_DATASET CONTENT:_
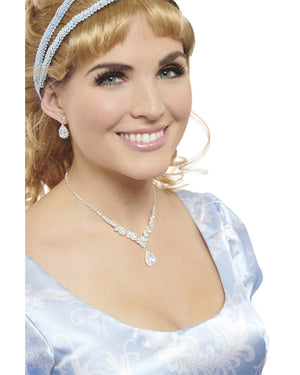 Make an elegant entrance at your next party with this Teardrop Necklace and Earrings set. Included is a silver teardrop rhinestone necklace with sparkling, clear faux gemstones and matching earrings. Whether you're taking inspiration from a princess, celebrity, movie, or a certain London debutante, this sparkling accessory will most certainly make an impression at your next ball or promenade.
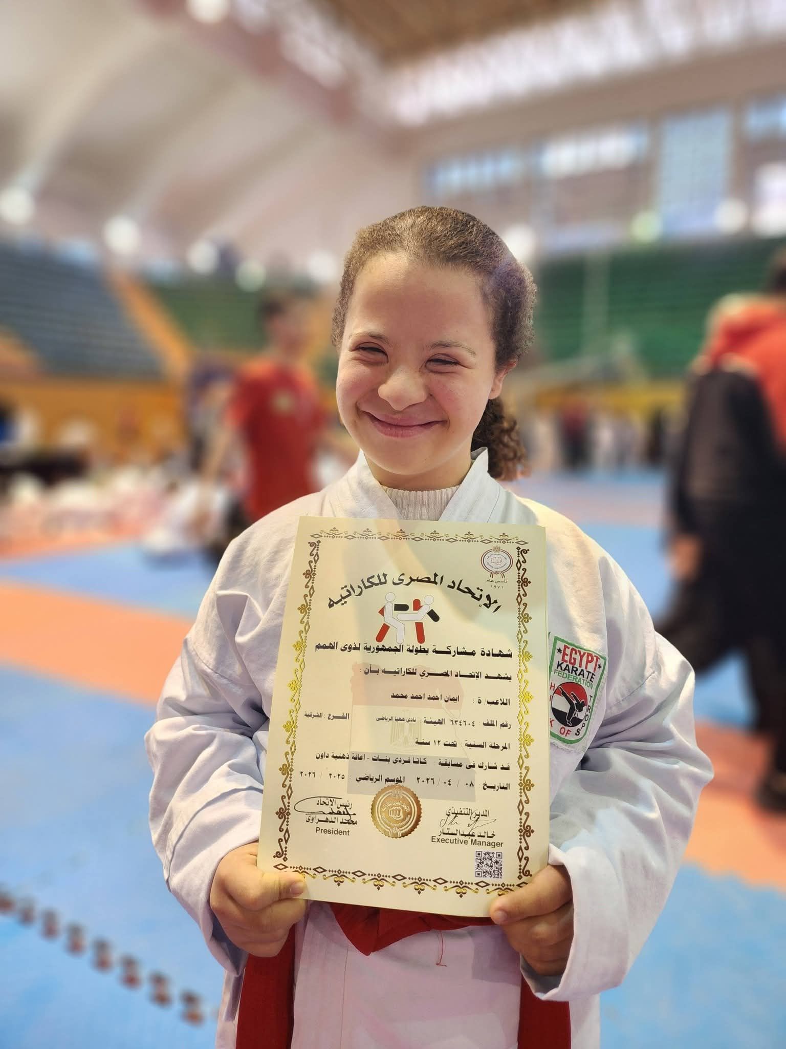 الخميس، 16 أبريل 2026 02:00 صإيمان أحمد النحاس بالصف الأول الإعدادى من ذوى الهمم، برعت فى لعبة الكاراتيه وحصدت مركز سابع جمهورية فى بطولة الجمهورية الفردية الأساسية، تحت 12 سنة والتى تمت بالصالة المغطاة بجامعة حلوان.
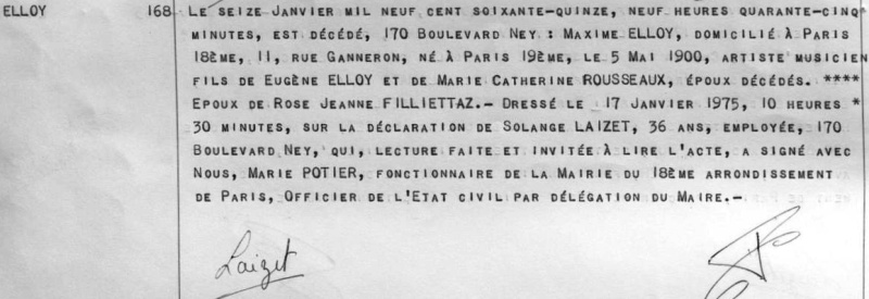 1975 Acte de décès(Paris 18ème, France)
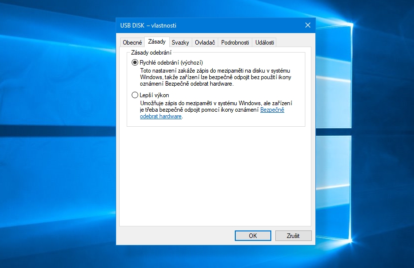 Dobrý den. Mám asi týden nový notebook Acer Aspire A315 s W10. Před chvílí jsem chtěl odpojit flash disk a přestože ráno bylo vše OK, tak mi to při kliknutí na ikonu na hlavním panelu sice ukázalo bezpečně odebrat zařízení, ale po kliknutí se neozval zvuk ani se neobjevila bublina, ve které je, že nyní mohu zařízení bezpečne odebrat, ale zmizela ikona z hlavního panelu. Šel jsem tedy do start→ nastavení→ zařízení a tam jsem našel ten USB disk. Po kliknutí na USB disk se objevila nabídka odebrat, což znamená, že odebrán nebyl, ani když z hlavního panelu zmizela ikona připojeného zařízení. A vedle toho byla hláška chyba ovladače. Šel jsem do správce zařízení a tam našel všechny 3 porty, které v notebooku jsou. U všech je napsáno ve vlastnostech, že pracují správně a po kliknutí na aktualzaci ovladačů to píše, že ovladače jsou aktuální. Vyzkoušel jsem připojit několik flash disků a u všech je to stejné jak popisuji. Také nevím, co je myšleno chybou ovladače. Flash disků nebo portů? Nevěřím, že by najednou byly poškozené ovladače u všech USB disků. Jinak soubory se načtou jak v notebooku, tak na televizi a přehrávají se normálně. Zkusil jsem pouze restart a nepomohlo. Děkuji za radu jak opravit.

_PROBLEM TO WORK ON:_ Omit pictures and output the listing exactly.

_YOUR SOLUTION:_
 Make an elegant entrance at your next party with this Teardrop Necklace and Earrings set. Included is a silver teardrop rhinestone necklace with sparkling, clear faux gemstones and matching earrings. Whether you're taking inspiration from a princess, celebrity, movie, or a certain London debutante, this sparkling accessory will most certainly make an impression at your next ball or promenade.
 الخميس، 16 أبريل 2026 02:00 صإيمان أحمد النحاس بالصف الأول الإعدادى من ذوى الهمم، برعت فى لعبة الكاراتيه وحصدت مركز سابع جمهورية فى بطولة الجمهورية الفردية الأساسية، تحت 12 سنة والتى تمت بالصالة المغطاة بجامعة حلوان.
 1975 Acte de décès(Paris 18ème, France)
 Dobrý den. Mám asi týden nový notebook Acer Aspire A315 s W10. Před chvílí jsem chtěl odpojit flash disk a přestože ráno bylo vše OK, tak mi to při kliknutí na ikonu na hlavním panelu sice ukázalo bezpečně odebrat zařízení, ale po kliknutí se neozval zvuk ani se neobjevila bublina, ve které je, že nyní mohu zařízení bezpečne odebrat, ale zmizela ikona z hlavního panelu. Šel jsem tedy do start→ nastavení→ zařízení a tam jsem našel ten USB disk. Po kliknutí na USB disk se objevila nabídka odebrat, což znamená, že odebrán nebyl, ani když z hlavního panelu zmizela ikona připojeného zařízení. A vedle toho byla hláška chyba ovladače. Šel jsem do správce zařízení a tam našel všechny 3 porty, které v notebooku jsou. U všech je napsáno ve vlastnostech, že pracují správně a po kliknutí na aktualzaci ovladačů to píše, že ovladače jsou aktuální. Vyzkoušel jsem připojit několik flash disků a u všech je to stejné jak popisuji. Také nevím, co je myšleno chybou ovladače. Flash disků nebo portů? Nevěřím, že by najednou byly poškozené ovladače u všech USB disků. Jinak soubory se načtou jak v notebooku, tak na televizi a přehrávají se normálně. Zkusil jsem pouze restart a nepomohlo. Děkuji za radu jak opravit.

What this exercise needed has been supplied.